Frequently Asked Questions — STP Calculator
STP Calculator
Smart Debt-to-Equity Transfer Strategy
Calculate how your lump sum grows when systematically transferred from a debt/liquid fund to an equity fund. See corpus at each stage, rupee cost averaging benefit, and comparison with lump sum investing.
| Year | STP Transferred | Debt Fund | Equity Fund | Total Portfolio | Total Gain |
|---|
What is an STP (Systematic Transfer Plan)?
A Systematic Transfer Plan (STP) is a mutual fund strategy where you invest a lump sum in a debt or liquid fund and automatically transfer a fixed amount at regular intervals (weekly, monthly, or quarterly) to an equity fund. This combines the capital preservation of debt funds with the wealth-creation potential of equity, while reducing timing risk through rupee cost averaging.
How STP Works — Step by Step
- Step 1: Park your entire lump sum (e.g., ₹5 lakhs) in a liquid or short-term debt fund earning 6–8% p.a.
- Step 2: Set up an STP instruction — ₹10,000 transferred every month to your chosen equity fund
- Step 3: Your debt fund earns returns while waiting to be transferred (unlike keeping cash idle)

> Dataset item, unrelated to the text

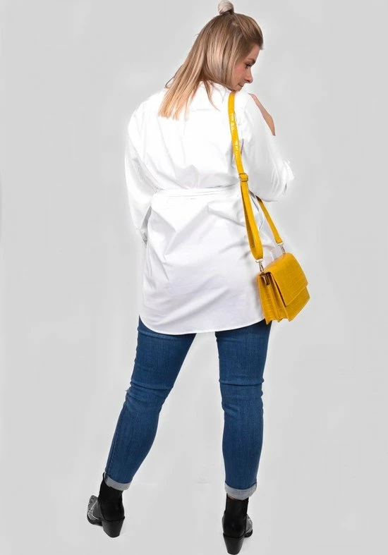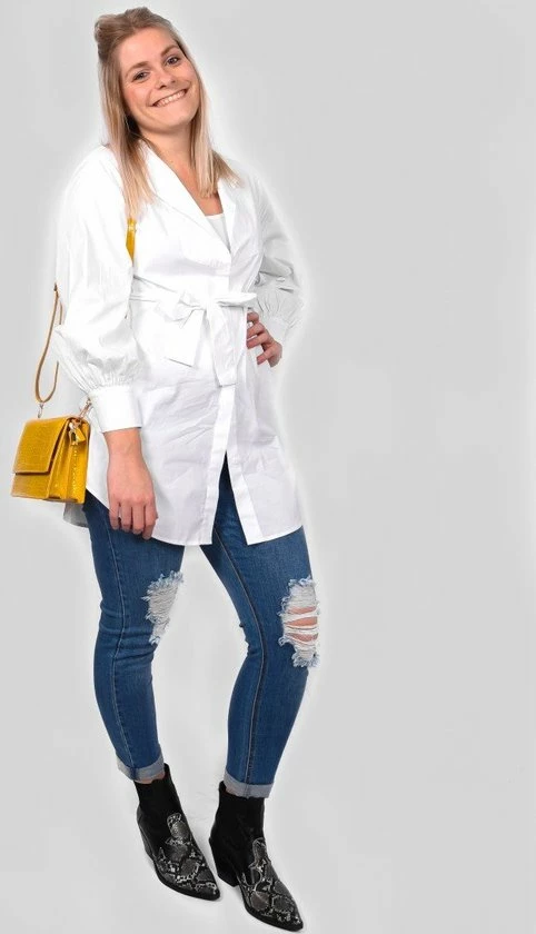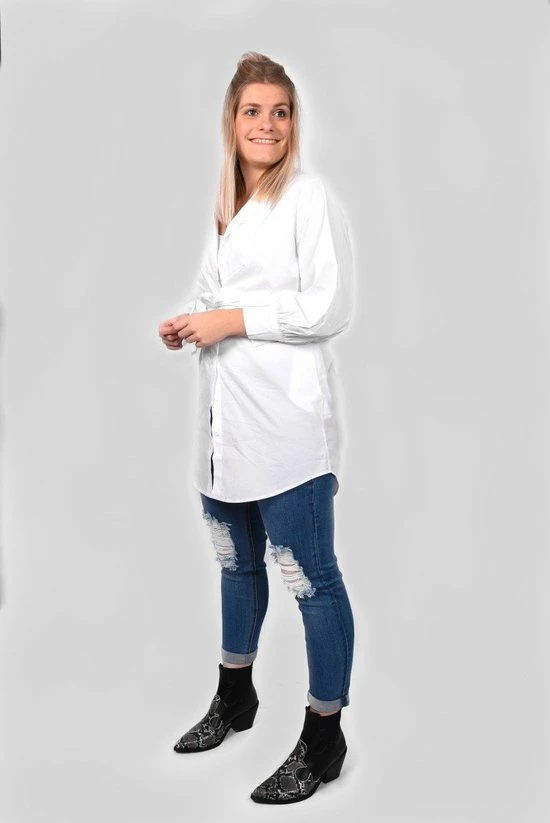 Netjes voor de dag komen? Dat doe je met de Iris blouse. Deze lange blouse is ideaal voor op een broek, rok op legging en wordt gekenmerkt door de diepe V-hals en de grote zakken. Maak het af met het bijpassende ceintuur. Ook super leuk in combinatie met een spencer.

- Step 4: Each equity instalment buys more units when markets are low, fewer when high — rupee cost averaging
- Step 5: Over 50 months, entire corpus moves to equity with averaged cost of acquisition
Debt Earnings = Lump Sum × (1 + Source Rate)^(Duration/12) − Amount Transferred
Target Fund Value = Σ [Each STP instalment × (1 + Equity Rate)^(remaining months/12)]

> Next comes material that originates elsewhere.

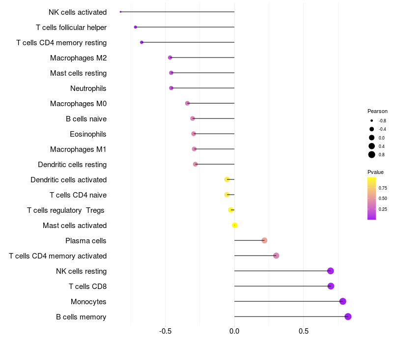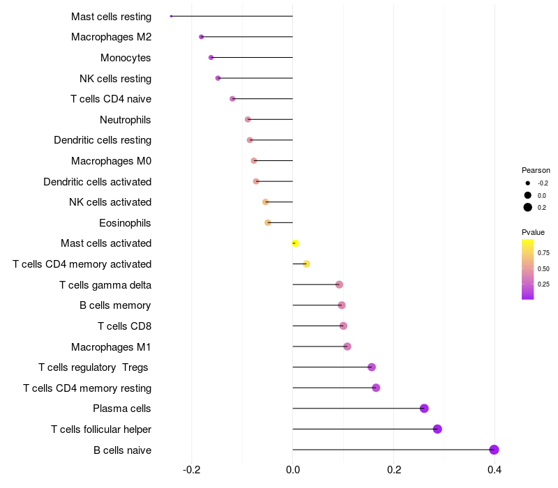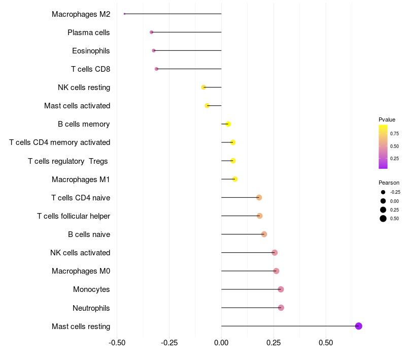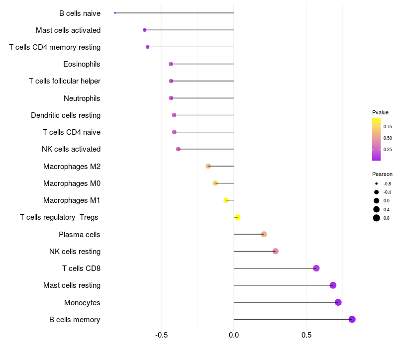 Lollipop of HVCN1 expression and immune infiltrating cell level correlation result in HBV+ Liver cirrhosis samples

STP vs SIP vs Lump Sum — Key Differences
| Feature | STP | SIP | Lump Sum |
|---|---|---|---|
| Money source | Existing lump sum → debt fund | Monthly income/salary | One-time investment |
| Debt fund earnings | ✅ Earns 6–8% while waiting | ❌ Not applicable | ❌ No debt earnings |
| Equity timing risk | Low (rupee cost averaging) | Low (regular investing) | High (one entry point) |
| Best for | Windfall, bonus, inheritance | Regular income earners | Long horizon (>10 yrs) |
| Typical duration | 6 months to 3 years | Ongoing (5–30 years) | Immediate, stay invested |
| Tax on transfers | Each transfer = redemption (taxable) | Each SIP = separate folio | Single entry, exit taxed |
When Should You Use STP?
- Received a large bonus/windfall and don't want to invest all at once in equity at current valuations
- Retiring from a job and received gratuity/PF — use STP to gradually move to equity while earning debt returns
- Market at all-time highs — STP lets you average in rather than buying entirely at peak
- Maturity proceeds from FDs, PPF, insurance policies being reinvested in equity
- Conservative investor entering equity for the first time — STP reduces psychological pressure of timing
STP Tax Implications in India
Each STP transfer is treated as a redemption from the source fund and a fresh purchase in the target fund. Tax applies on each redemption:
| Fund Type | Holding Period | Tax Rate |
|---|---|---|
| Liquid / Debt Fund (Source) | Any duration (from April 2023) | Taxed as income (slab rate) |
| Equity Fund (Target) — short term | < 12 months | 20% STCG |
| Equity Fund (Target) — long term | > 12 months | 12.5% LTCG (above ₹1.25L exemption) |
Tip: The ₹1.25 lakh annual LTCG exemption applies per financial year on equity. Systematic STP transfers may help spread gains across years for tax efficiency.